**Required action**
Reproduce exactly, and solely, the lines running from the top of the data below through the line with "reposicionável. Aceita escrita.", both inclusive. Omit pictures.
<<<<
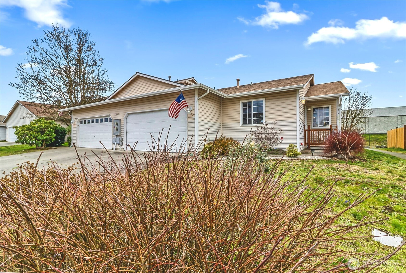 Beautiful single-level condo offering comfort and convenience in a fantastic layout. This charming home features 3 bedrooms and 1.75 baths, with a vaulted living and dining area that feels light and open, complete with a slider leading to the private patio.The spacious kitchen provides abundant cabinetry and generous counter space, perfect for everyday living and entertaining. The primary suite includes a private bath and walk-in closet. You’ll also appreciate the dedicated laundry room and thoughtful storage throughout. Enjoy relaxing on the covered front porch or spending time in the fully fenced backyard with garden shed. A two-car garage adds convenience and extra storage. Community amenities include a playground, basketball court, park, and walking trails. Ideally located in the desirable Smokey Point area, just minutes from I-5, shopping, and dining.
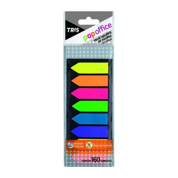 . 160 folhas 43x13mm 8 blocos com 20 folhas em 6 cores neon (amarelo, laranja, rosa, verde, azul e roxo). Formato de seta. Adesivo reposicionável. Aceita escrita.
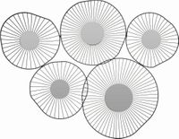 Lustro Manete w kolorze czarnym to efektowne wzornictwo w stylu art deco. Lustro składa się z pięciu nieregularnych części. Każdy element został wyposażony w zwierciadło w kształcie koła. Nieregularny kształt lustra Manete otrzymaliśmy, dzięki połączeniu ze sobą swoistych metalowych rozet. Każda rozeta w centralnym punkcie ma umieszczone okrągłe lusterko. Lustra ścienne w eleganckiej oprawie będą efektownie prezentowały się w salonie, przedpokoju lub w hotelowym holu. Wysokość: 58
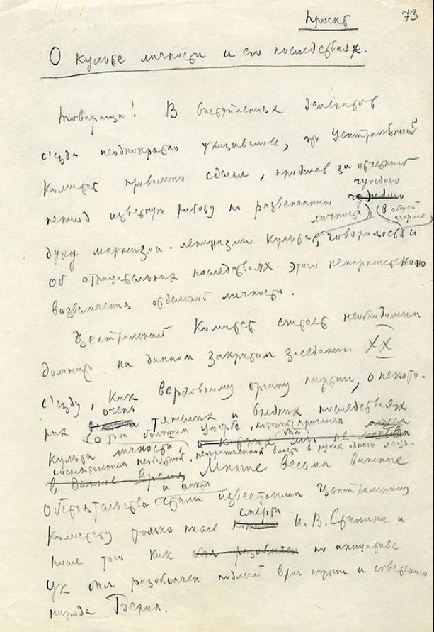 Крайне важным является вопрос о культе личности, о его постепенном росте, вопрос, который на определённом этапе стал источником целого ряда крайне серьёзных и тяжёлых извращений партийных принципов, партийной демократии, революционной законности.
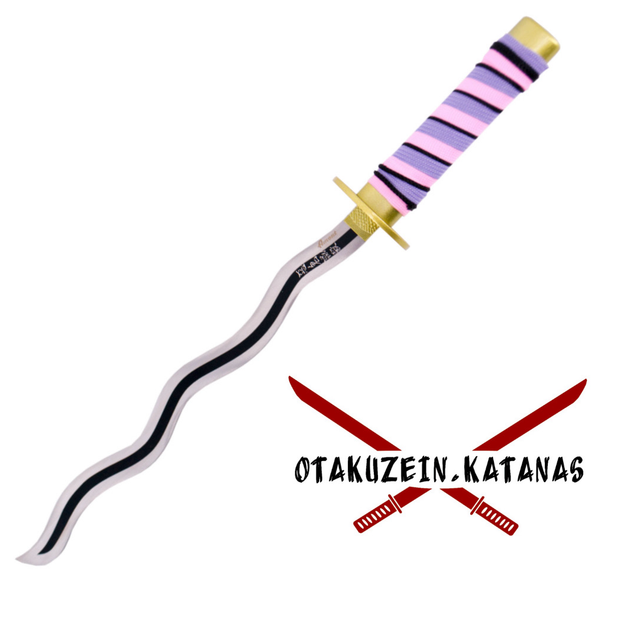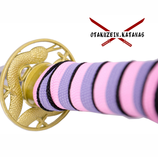 Katana S5069 de Demon Slayer empuñada por Obanai Iguro réplica no oficial de 44 cm hoja de acero, mango con encordado rosa y lila. Ref. S5069
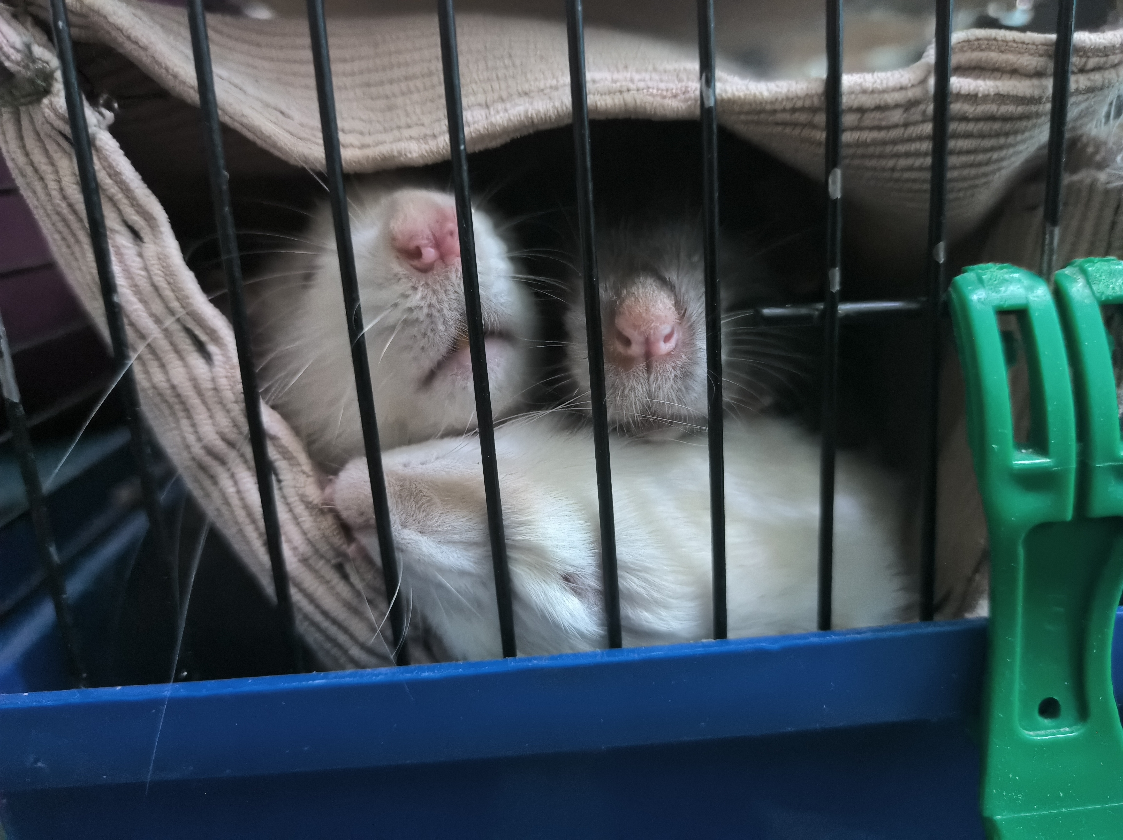 3 фотка если что в карантинной клетке)) старушка живёт отдельно, потому что в большой клетке сложно подниматься на верхние полки, а она очень хочет, и бывает падает. Но они очень часто гуляют вместе, и почти весь день на диване спят.
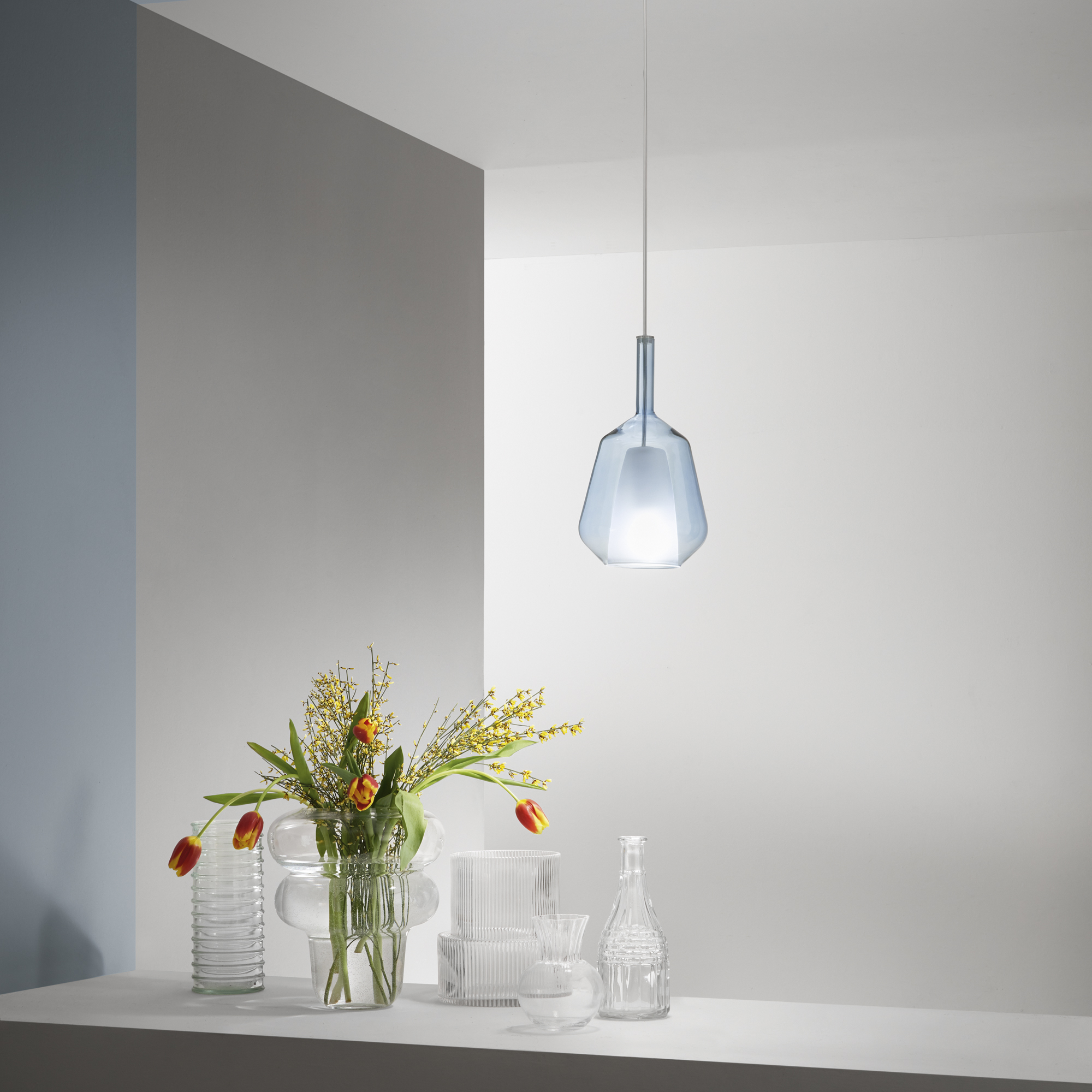 Závěsné svítidlo PIREX od italské značky FAN Europe je zosobněním elegance a kreativity. Modré foukané sklo z vnější strany a jemný opálově bílý vnitřek dodávají tomuto osvětlení unikátní charakter, který oslní v každém interiéru. PIREX nejen svítí, ale také zdobí – jeho design vnáší do prostoru teplo a luxus. Díky modulární konstrukci můžete přizpůsobit sestavu svítidel svým představám a vytvořit světelnou instalaci na míru.
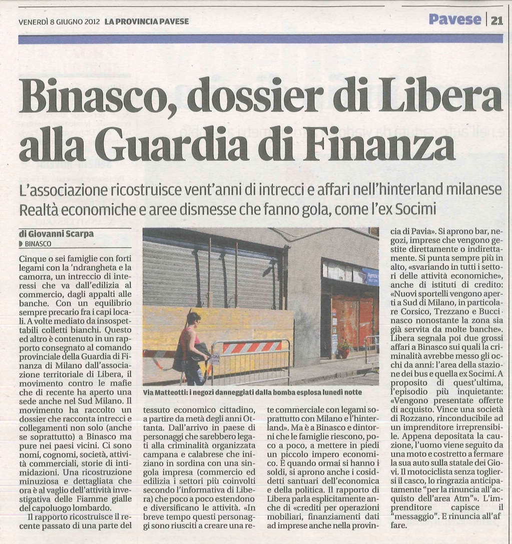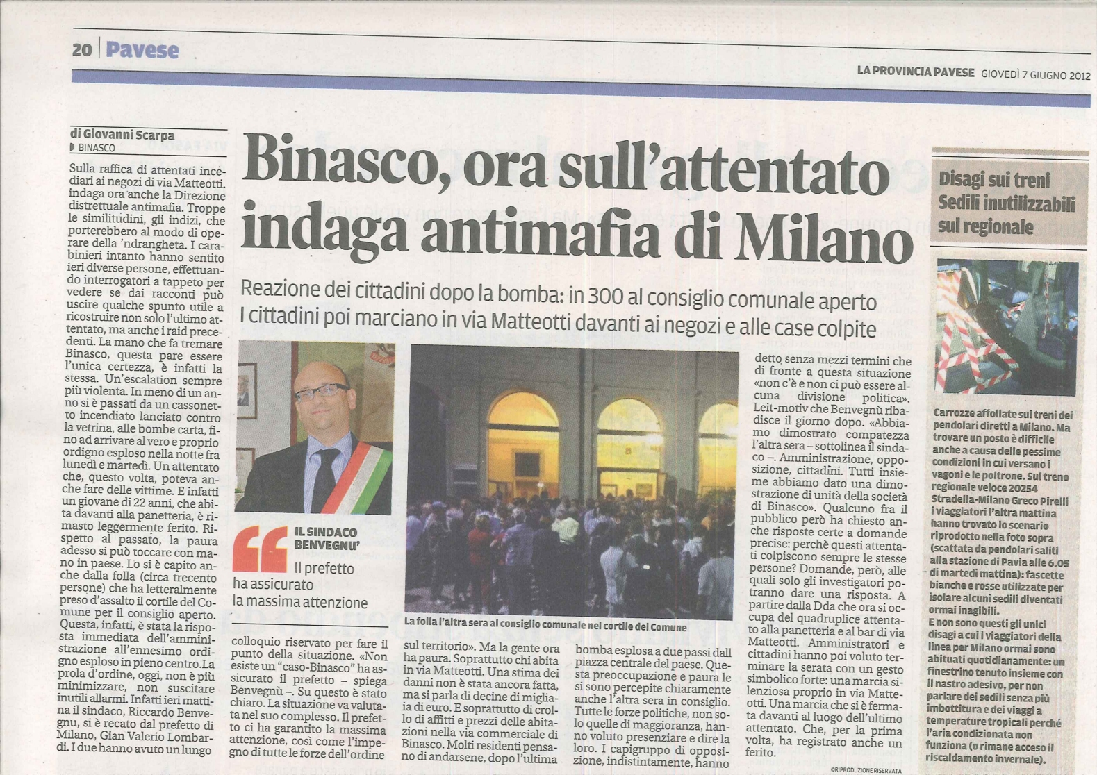 piccola rassegna stampa sugli ultimi articoli apparsi sulla Provincia Pavese negli ultimi giorni riguardanti Binasco.
>>>>
**Answer box**
 Beautiful single-level condo offering comfort and convenience in a fantastic layout. This charming home features 3 bedrooms and 1.75 baths, with a vaulted living and dining area that feels light and open, complete with a slider leading to the private patio.The spacious kitchen provides abundant cabinetry and generous counter space, perfect for everyday living and entertaining. The primary suite includes a private bath and walk-in closet. You’ll also appreciate the dedicated laundry room and thoughtful storage throughout. Enjoy relaxing on the covered front porch or spending time in the fully fenced backyard with garden shed. A two-car garage adds convenience and extra storage. Community amenities include a playground, basketball court, park, and walking trails. Ideally located in the desirable Smokey Point area, just minutes from I-5, shopping, and dining.
 . 160 folhas 43x13mm 8 blocos com 20 folhas em 6 cores neon (amarelo, laranja, rosa, verde, azul e roxo). Formato de seta. Adesivo reposicionável. Aceita escrita.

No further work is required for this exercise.